Everything becomes obsolete eventually.That's why looking back at the past can help you predict the future.
In 1969, I graduated from the U.S. Merchant Marine Academy and was offered two jobs. I took the job paying $47,000 a year and turned down one paying $75,000 a year because it required me to join a labor union. I'm not against labor unions. I am against being obsolete due to obsolete ideas. As entrepreneurs, we need to stop looking at employees from an Industrial Age point of view. In the Industrial Age, employees were rewarded for things like seniority. In the Information Age, seniority is death via obsolescence. In the Industrial Age, a senior employee had more experience. In the Information Age, experience can be a liability.
So the challenges facing today's entrepreneurs are: How do you attract, retain and motivate technologically savvy, cutting-edge employees? How do you keep wages and benefits in line with shrinking profit margins? How do you inspire employees to develop new products or services? How do you keep good employees from moving to other companies?
I do it by working more collaboratively with younger employees. I ask them to challenge my ideas--as well as their own. For example, the other day I mentioned to a group of younger managers that e-mail was obsolete. They said I didn't know what I was talking about. One called me an "old man."

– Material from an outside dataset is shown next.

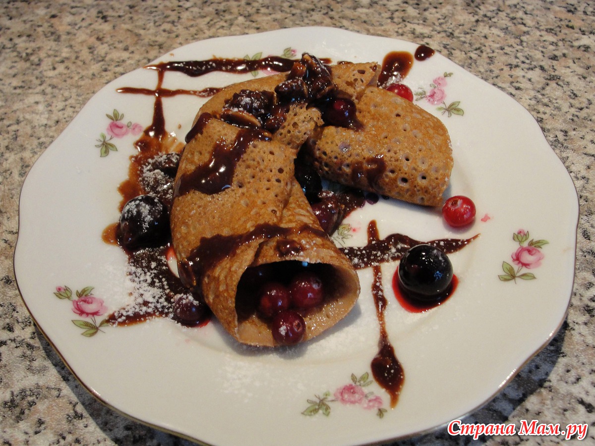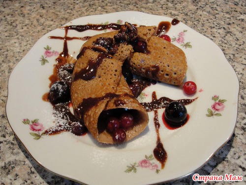 а на десерт-блинчики шоколадные по-французски, из необычного по составу теста, фаршированные ягодами .

And what they said was true. The fact is, I don't know what I'm talking about. I'm so obsolete that I don't have an e-mail address. All I know is that e-mail will be obsolete, just as labor unions are obsolete and the idea of seniority is obsolete. I was challenging younger employees to predict their future by predicting their own obsolescence. By taking the conversation into the future, it brings two generations together: old guys like me and the young leaders of tomorrow. By forecasting the future, I can share my experiences as they share theirs. When they tell me about using Skype to make long distance phone calls, I see the future for Industrial Age phone companies.
One of the things I'm doing is hiring younger, more tech-savvy team members and putting them on a quasi-board to advise my company about the future. This doesn't mean I follow all their recommendations; it simply means that I need to listen to them and take appropriate action. I also listen with the intent of detecting core values and desires. On the flip side, I'm promoting older tech workers and asking them to be interpreters of the future.
Leadership is about vision. One way to see the future is to see today as the past. In the Information Age, nothing is more dangerous than a person who doesn't know his ideas are obsolete.